Experimental Studies on Replacement of Cement by GGBS

Abstract

The product of cement causes environmental pollution due to high CO? emigrations. To reduce this problem, partial relief of cement with artificial by- products like Ground Granulated Blast Furnace Sediment( GGBS) is an effective result. This study investigates the effect of partial relief of cement by GGBS on the strength parcels of concrete. Different probabilities of GGBS( 10, 20, 30 etc.) were used and compressive strength tests were conducted at 7, 14 and 28 days. The results show that GGBS improves long- term strength and continuity of concrete while reducing environmental impact.

Introduction

Concrete is made from cement, fine aggregate, coarse aggregate, and water. Cement is the main binding material, but its production releases large amounts of carbon dioxide, which harms the environment. Ground Granulated Blast Furnace Slag (GGBS) is a by-product of the iron industry that has cement-like properties and can partially replace cement in concrete. Using GGBS helps reduce heat of hydration, improve durability, increase long-term strength, and lower environmental pollution.

Previous research has shown that materials such as Alcofine and fly ash improve concrete strength and microstructure, while studies on GGBS indicate that replacing about 20% of cement with GGBS provides optimal compressive strength.

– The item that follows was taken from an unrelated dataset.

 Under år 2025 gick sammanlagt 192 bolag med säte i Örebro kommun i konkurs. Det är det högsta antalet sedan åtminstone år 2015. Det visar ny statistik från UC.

The objective of this study was to analyze the properties of concrete when cement is partially replaced with GGBS and to determine compressive strength at 7, 14, and 28 days. The study also aimed to find the optimum replacement level and reduce environmental impact from cement usage.

An M20 grade concrete mix was prepared using cement, sand, coarse aggregate, water, and GGBS with replacement levels of 0%, 10%, 20%, and 30%. Concrete cubes of size 150 mm × 150 mm × 150 mm were cast, cured in water at 27 ± 2°C, and tested for compressive strength using a Compression Testing Machine (CTM).

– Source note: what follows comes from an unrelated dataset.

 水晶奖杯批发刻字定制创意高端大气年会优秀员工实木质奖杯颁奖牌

Workability was measured using the slump cone test, showing values of 130 mm (10%), 115 mm (20%), and 135 mm (30%), indicating improved workability with higher GGBS content.

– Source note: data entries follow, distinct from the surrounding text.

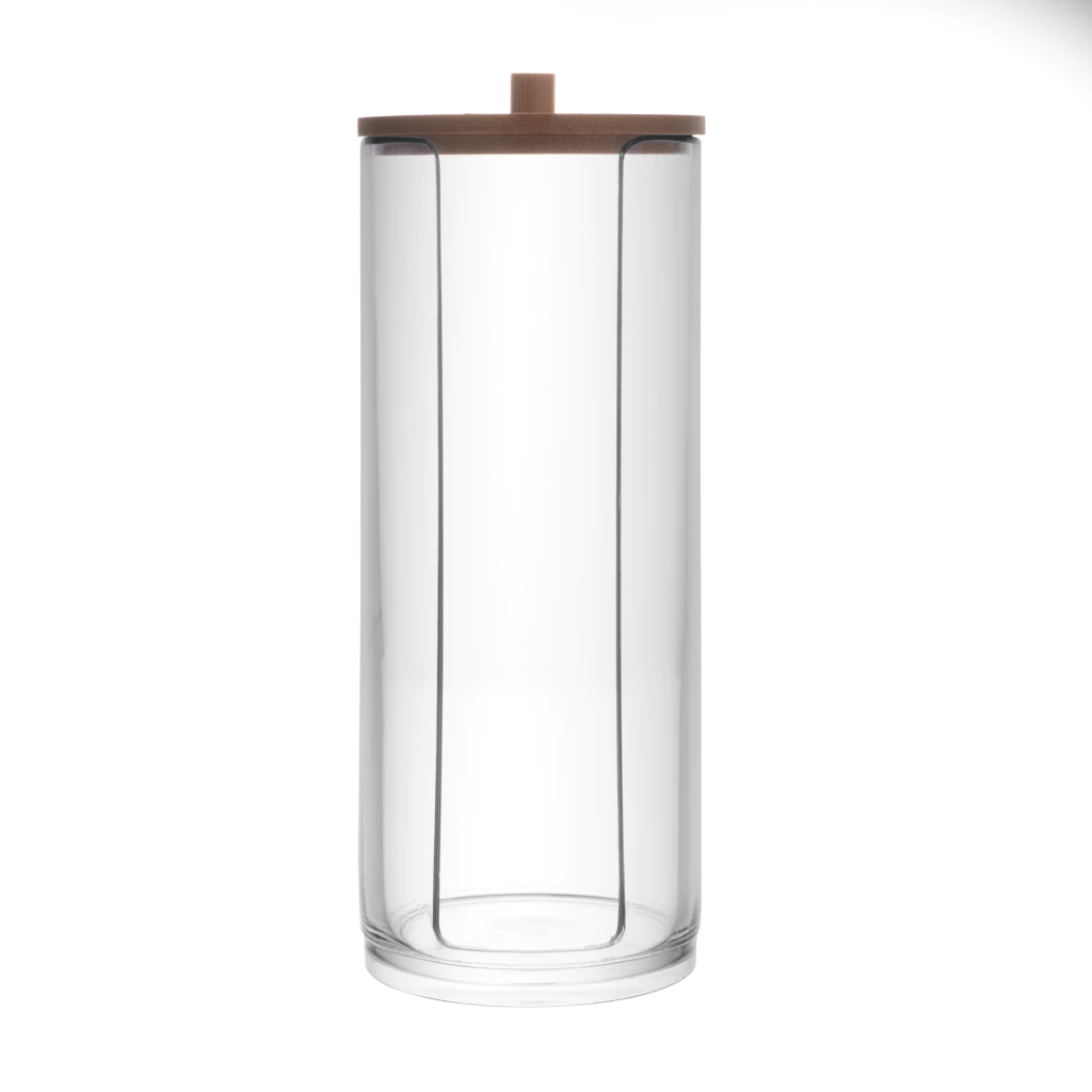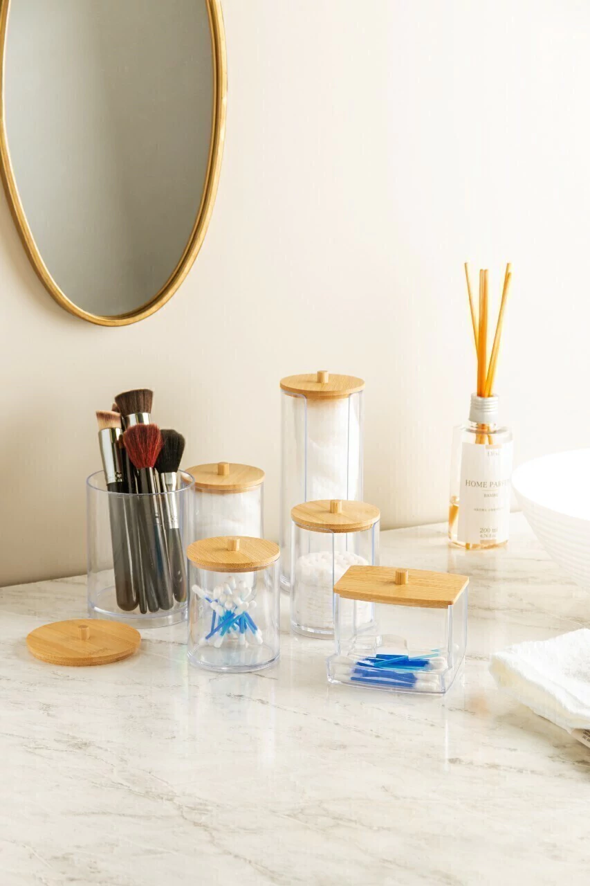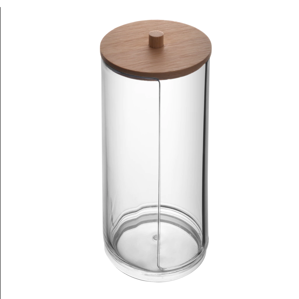 Porta Algodão de Poliestireno com Tampa de Bambu My Box 7cm x 7cm x 18cm – Lyor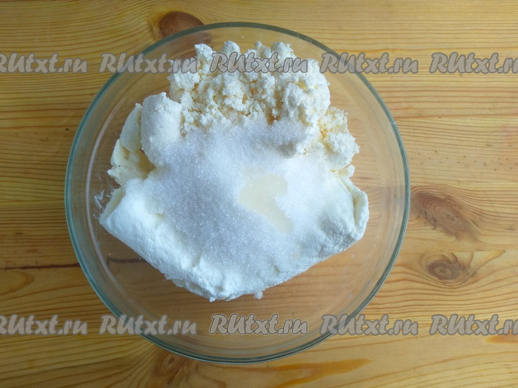 Добавить к творогу и йогурту сахар и ванильный экстракт (экстракт добавляем по желанию).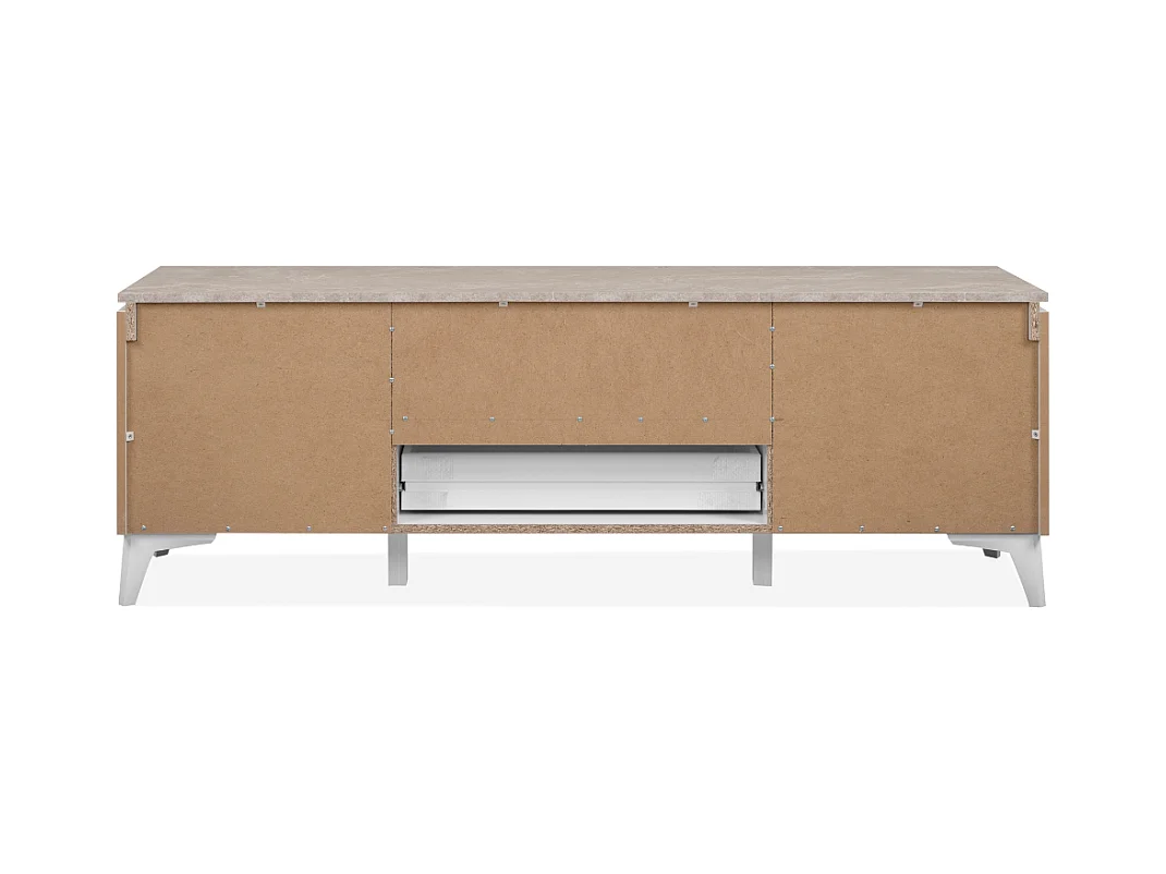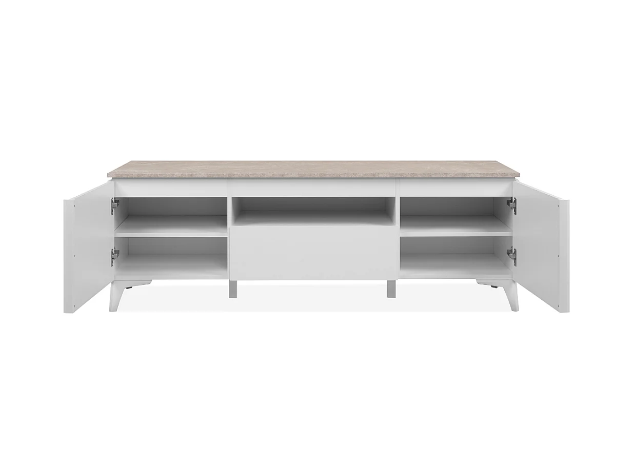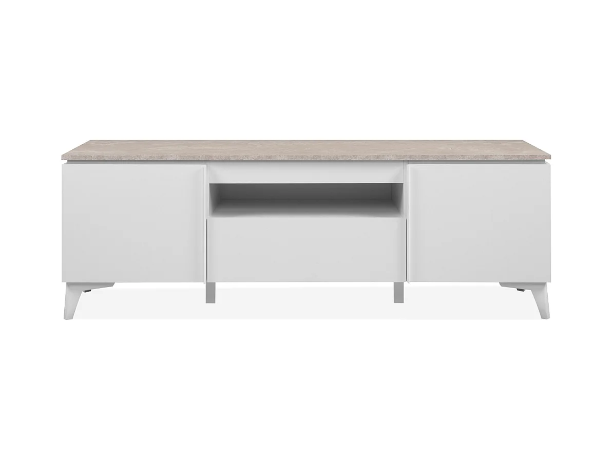 Meuble TV 2 portes, 1 tiroir et 1 niche décor travertin et blanc L150cm - BERTRIX

Compressive strength results showed that normal concrete achieved 20 N/mm² at 28 days, while GGBS mixes performed better. The 10% replacement reached 26 N/mm², 20% reached 25 N/mm², and 30% reached 27 N/mm² at 28 days. However, early strength slightly decreased with higher GGBS percentages due to slower reaction rates.

Conclusion

Overall, the study concluded that GGBS can effectively replace cement in concrete, with an optimum replacement level of about 20%. Using GGBS improves long-term strength, durability, workability, and makes concrete more eco-friendly and economical.

References

[1] Suthar Sunil B. and B.K. Shah (2013) – Study on high-strength concrete containing Alcofine and fly ash, showing improved strength due to ultrafine Alcofine and pozzolanic activity of fly ash. [2] Suthar Sunil B., B.K. Shah, and P.J. Patel (2013) – Investigated Alcofine and fly ash in high- performance concrete, highlighting micro-filler effects and durability improvements. [3] Soni Deval, Suhasini Kulkarni, and Vilin Parekh (2013) – Demonstrated superior compressive and flexural strengths in concrete with 8% Alcofine and 16% fly ash. [4] Sourav and Ashok Kumar Gupta (2014) – Studied cube and cylinder strength in concrete with 13% Alcofine, noting higher strengths and accelerated hydration. [5] PatilYogendraO.,P.N.Patil,andD.Arun Kumar(2013)– Partialreplacementof cementwith 20% GGBS optimized compressive strength. [6] Pawar M.S. and A.C. Savji (2013) – SCC with 10% Alcofine showed improved filling capacity, passing ability, and segregation resistance.

Copyright

Copyright © 2026 Prof. Bedrekar A. Y., Prof. Dhumal M. S., Mr. Pinjari P. V., Mr. Gaikwad Y. P., Mr. Inamdar M. L., Mr. Waghmare A. S.. This is an open access article distributed under the Creative Commons Attribution License, which permits unrestricted use, distribution, and reproduction in any medium, provided the original work is properly cited.